Still, that looks fairly innocuous to me, it's just a connection failure. Have you checked whether all of your data was written?

avatar
Explorer
Write speed decreases from 200K rows/second to 5K rows/second. There are many warnings "error 104"/"error 108" in trace log. The data in kudu is not available.

avatar
Explorer
I'm sorry, I mistake the storm log. There are many IOExeception in kudu client log, such as "[ERROR 2017-03-22 10:30:21 o.a.k.c.TabletClient:791 New I/O worker #1] [Peer 772d8abf66c24789a51ba852aea1b478] Unexpected exception from downstream on [id: 0x2b9826d2, /11.131.120.17:55922 => /11.173.197.31:7050] java.io.IOException: Broken pipe"

avatar
Expert Contributor
Hi,

Are you pooling clients? Are you sure that your storm workers are not
suffering GC pauses? It would be worth running the storm workers with
verbose GC logging and check that you aren't seeing GC around the same time.

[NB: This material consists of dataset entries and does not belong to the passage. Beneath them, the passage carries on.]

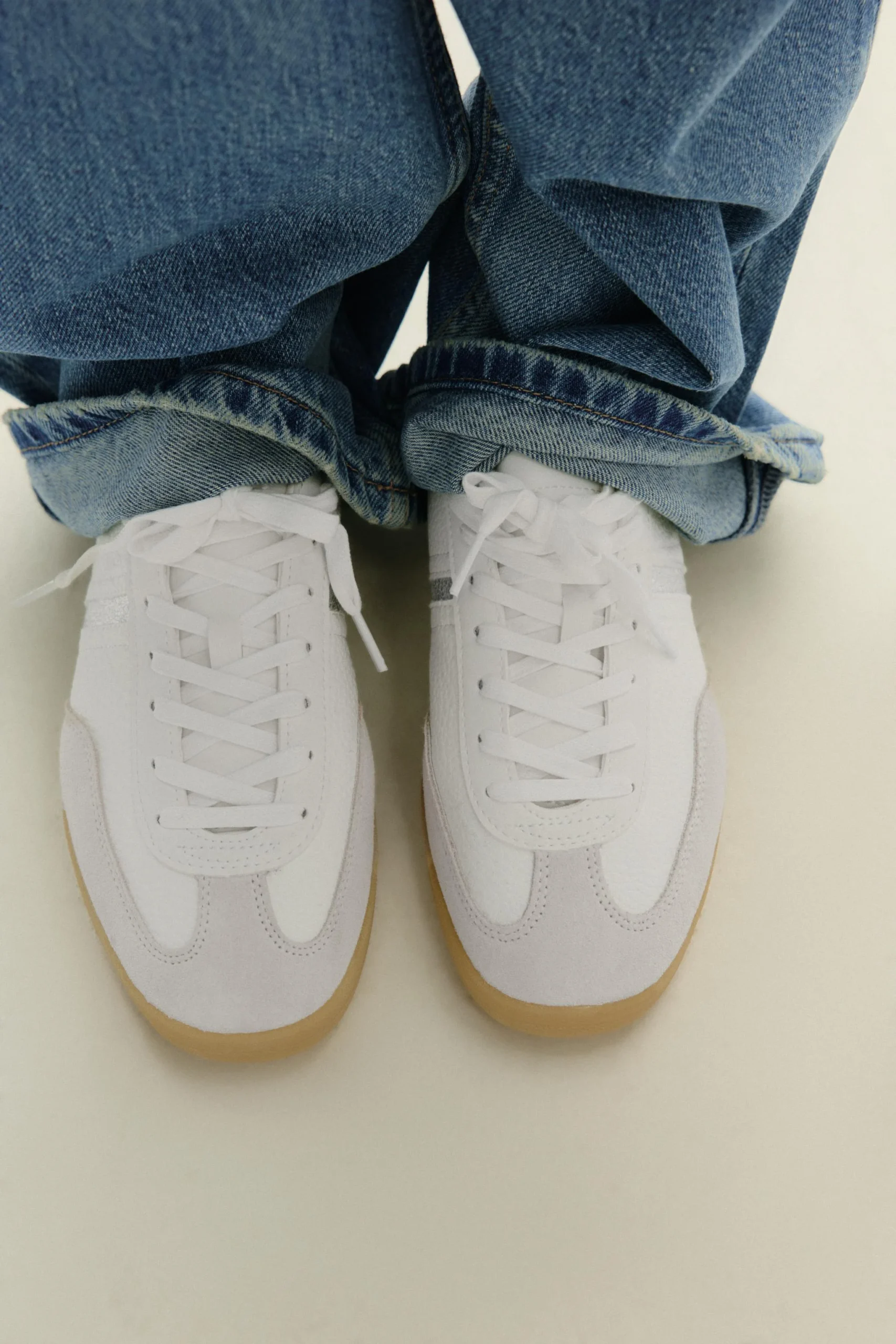- ویژگی های محصول: ویژگی های بارز این کتانی شامل رنگ های متضاد جذاب در کناره ها و پشت، زیره لاستیکی مقاوم و بنددار بودن برای تنظیم آسان است. ارتفاع زیره آن نیز 2.5 سانتی متر می باشد.
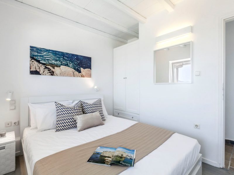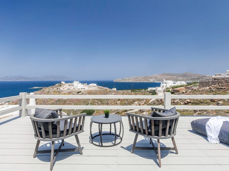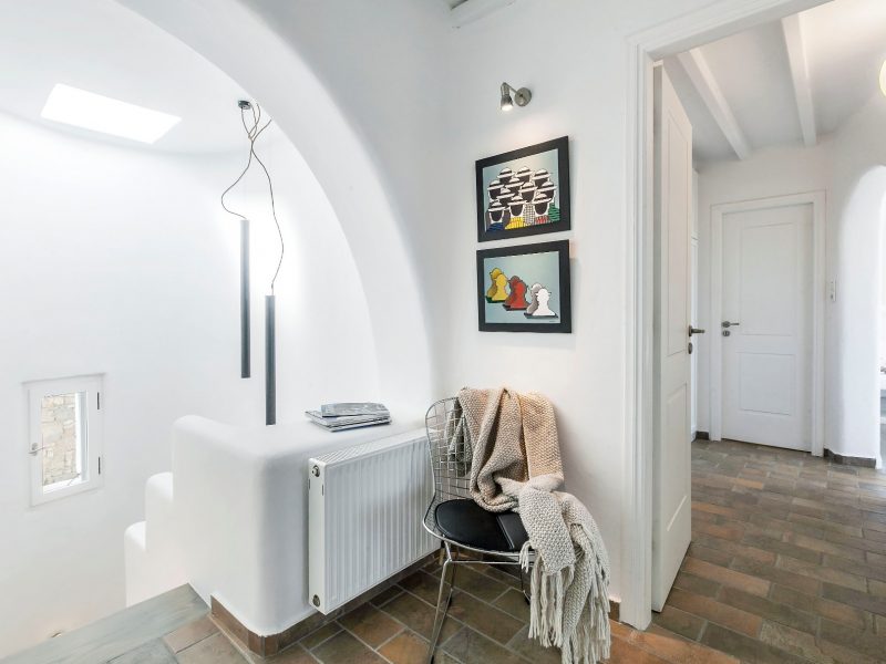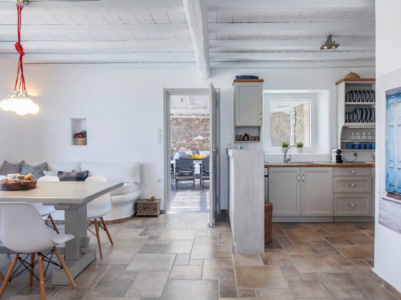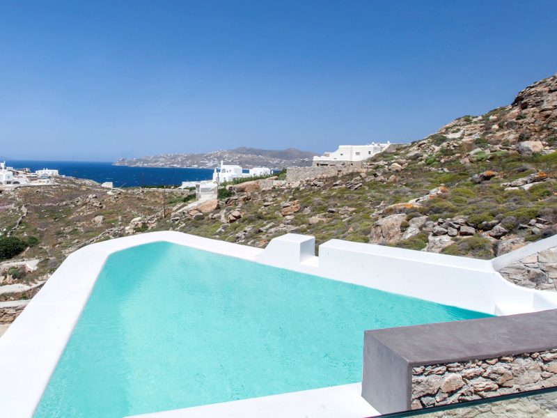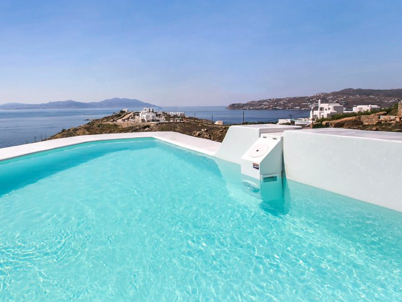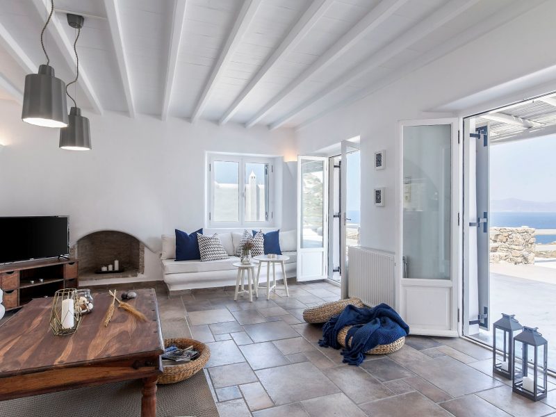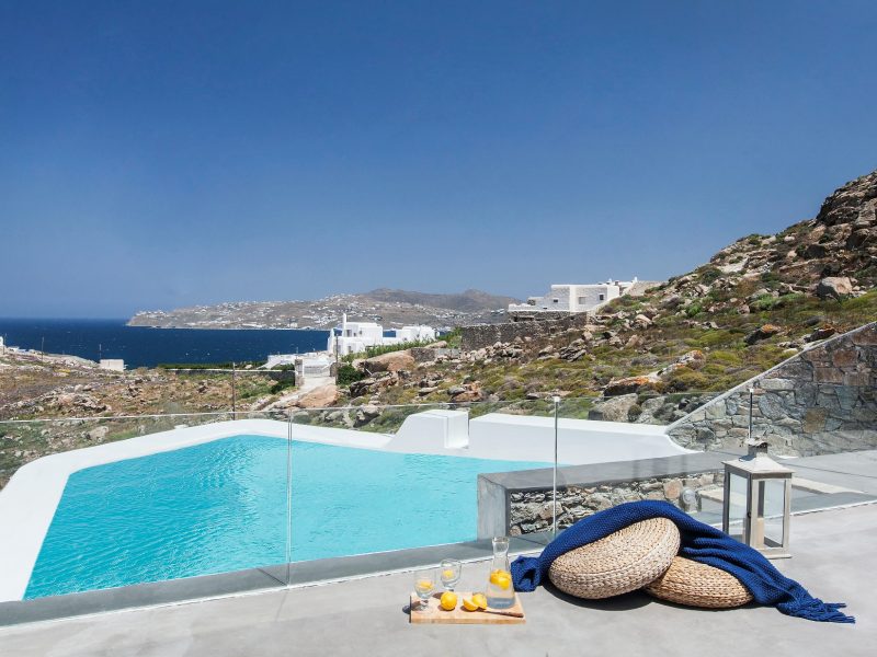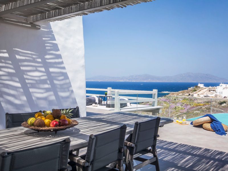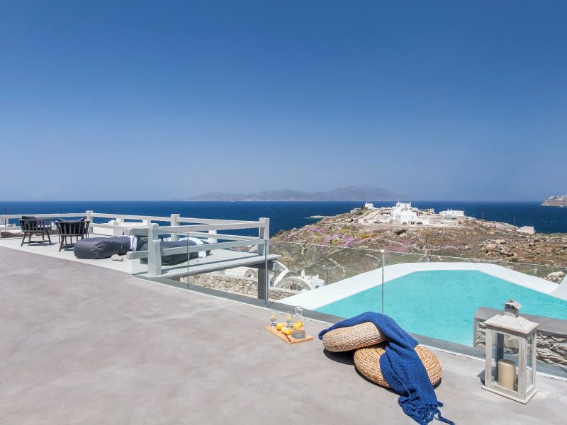 Ornos beach is only a five-minute drive from the villa…lovely! Lovelier so is the fact that after a fun-filled day out exploring the island, one can take an evening dip in the pool and rest on the inviting plush sun-beds. Villa Doria offers beautiful exterior landscaping complete with breathtaking pool resting at the crest of the Villa’s grounds, unobstructed sea views, shaded dining area as well as wooden deck with lounge areas. Yours to spoil your senses!
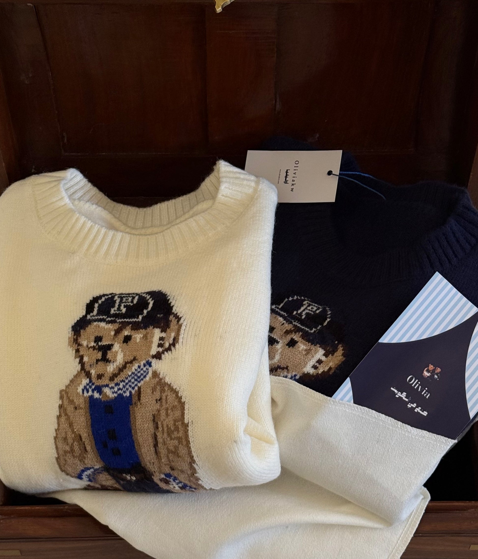 With every sweater you will get a teddy bear medal box, a coffee cup, and a winter medal
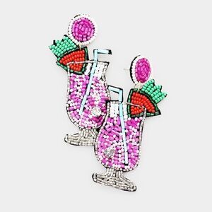 Cocktail Pink Seed Bead Felt Back Earrings by Treasure Jewelry
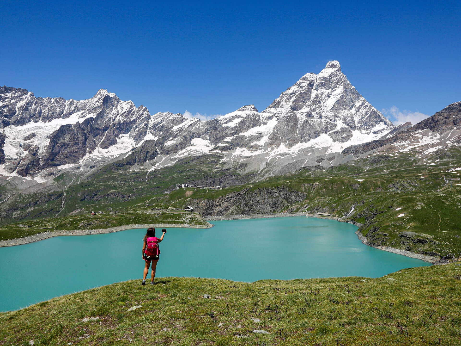 No ha perdido su encanto la montaña que millones de personas conocen por haberla bajado esquiando. Vale la pena subir a pie, cruzando los prados de la larga cuesta que termina en el lago Goillet, luego las rañas donde cada verano se renueva el milagro de la vida, con flores vistosas y perfumes finos y penetrantes. El Cervino y las Grandes Murailles enmarcan el paisaje majestuosamente. El paso es un amplio espacio independiente, suspendido en las alturas y encerrado por las Cime Bianche como si fueran un cándido telón. En frente, los lagos se escalonan hasta la base del glaciar del Rosa, con fuertes tonos celestes cada vez más cargados a medida que el agua desciende y se purifica del limo glacial.
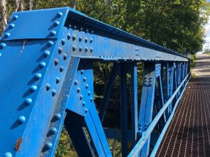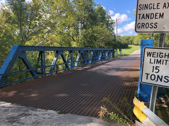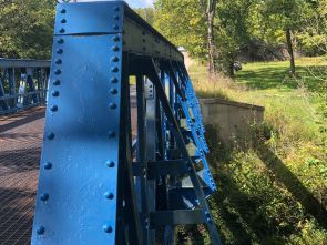 For those of you interested in truss design details, HistoricBridges.org describes the design and structure: Concrete abutments and wingwalls support the single-span Warren pony truss. The riveted structure extends 87’6″ in seven panels. Its all-interior verticals are manufactured from pairs of angles riveted together with stay plates and reinforced with external sway bracing. Its diagonals are made from a pair of angles (doubled in the outer panel) also riveted together with stay plates. The I floor-beams are riveted to gussets and the verticals above the lower chord and carry the concrete deck. The weight and varied size of the diagonals, the placement of the floor-beams, and the integration of knee or external sway braces into the verticals indicate a late stage in the design of all-riveted Warren pony trusses.

The server side log indicates that the workers are connecting and then
taking 6-10 seconds to perform the necessary round trips for RPC connection
negotiation. So, the client's disconnecting them.

This would also explain the throughput drop.

-Todd

avatar
Explorer
Thank you! It's really because storm workers are suffering GC pauses! We will check the code of storm workers.